- _Data in this exercise_:
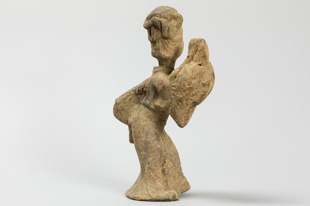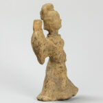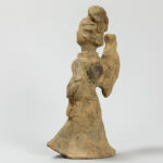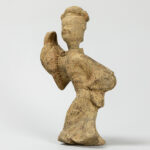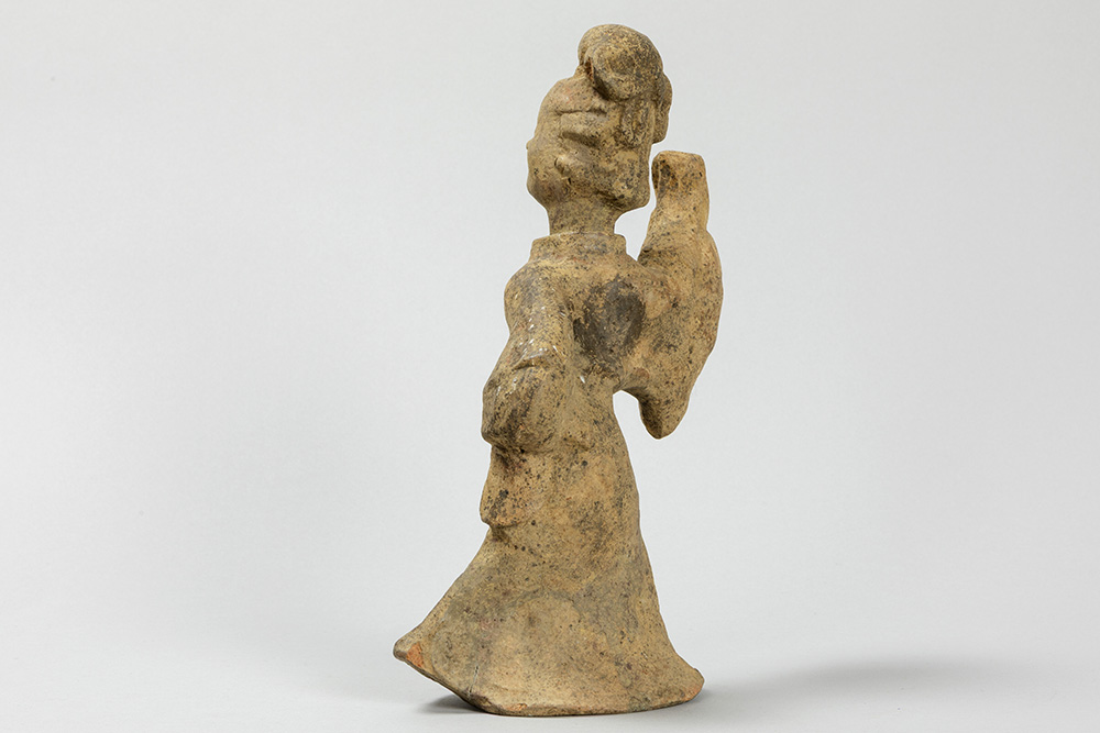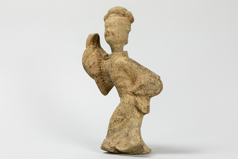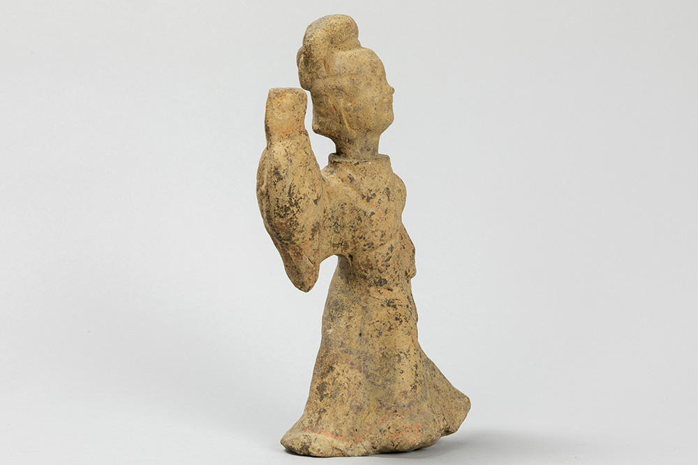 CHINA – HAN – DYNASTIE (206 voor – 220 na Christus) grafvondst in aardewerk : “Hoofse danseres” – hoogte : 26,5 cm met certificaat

==

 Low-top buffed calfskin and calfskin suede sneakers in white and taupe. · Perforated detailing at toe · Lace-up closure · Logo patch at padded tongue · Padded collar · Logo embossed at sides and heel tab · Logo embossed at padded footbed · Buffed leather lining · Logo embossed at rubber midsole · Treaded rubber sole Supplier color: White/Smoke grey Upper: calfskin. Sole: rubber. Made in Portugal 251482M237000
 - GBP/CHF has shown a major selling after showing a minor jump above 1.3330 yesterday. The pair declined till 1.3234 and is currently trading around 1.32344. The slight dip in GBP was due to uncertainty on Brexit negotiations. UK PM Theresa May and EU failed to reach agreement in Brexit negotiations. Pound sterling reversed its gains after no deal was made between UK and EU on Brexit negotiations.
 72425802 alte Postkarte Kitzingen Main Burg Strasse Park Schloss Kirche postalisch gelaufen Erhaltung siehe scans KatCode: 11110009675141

...

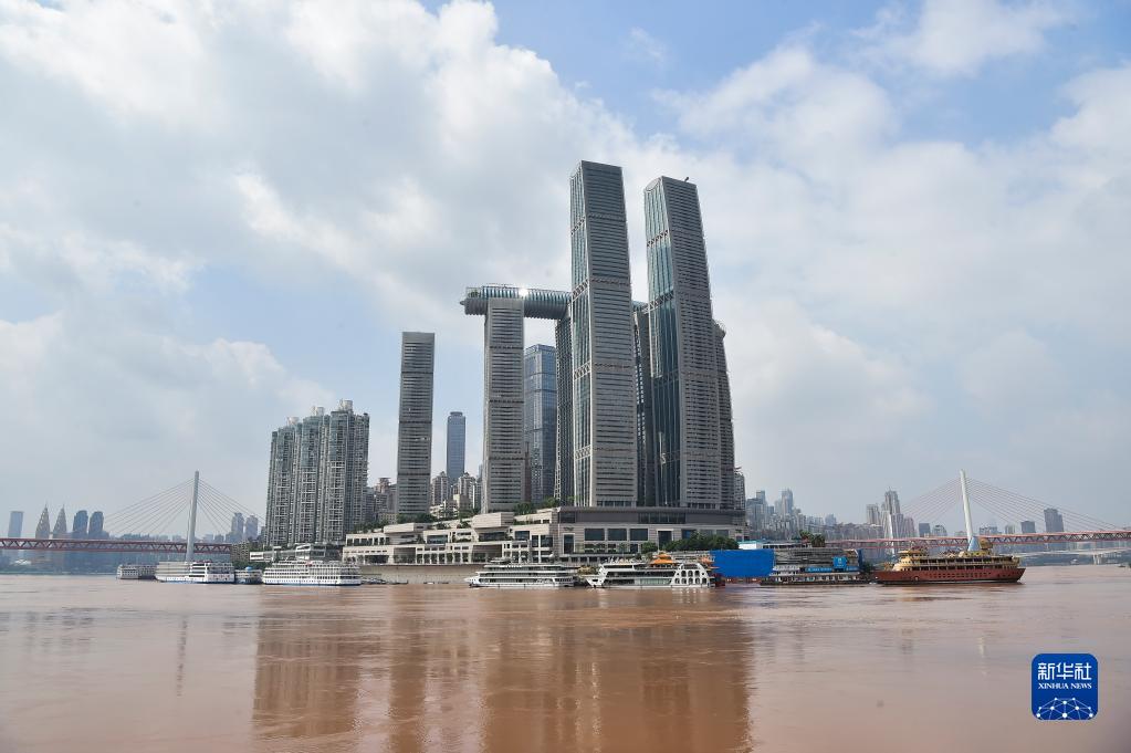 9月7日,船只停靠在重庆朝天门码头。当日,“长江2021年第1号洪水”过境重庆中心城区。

- _Exercise details_:
Would you print exactly and only the lines of the material above that run from the line with "Low-top buffed calfskin" through the line with "72425802 alte Postkarte", both included?

- _Output of the task_:
 Low-top buffed calfskin and calfskin suede sneakers in white and taupe. · Perforated detailing at toe · Lace-up closure · Logo patch at padded tongue · Padded collar · Logo embossed at sides and heel tab · Logo embossed at padded footbed · Buffed leather lining · Logo embossed at rubber midsole · Treaded rubber sole Supplier color: White/Smoke grey Upper: calfskin. Sole: rubber. Made in Portugal 251482M237000
 - GBP/CHF has shown a major selling after showing a minor jump above 1.3330 yesterday. The pair declined till 1.3234 and is currently trading around 1.32344. The slight dip in GBP was due to uncertainty on Brexit negotiations. UK PM Theresa May and EU failed to reach agreement in Brexit negotiations. Pound sterling reversed its gains after no deal was made between UK and EU on Brexit negotiations.
 72425802 alte Postkarte Kitzingen Main Burg Strasse Park Schloss Kirche postalisch gelaufen Erhaltung siehe scans KatCode: 11110009675141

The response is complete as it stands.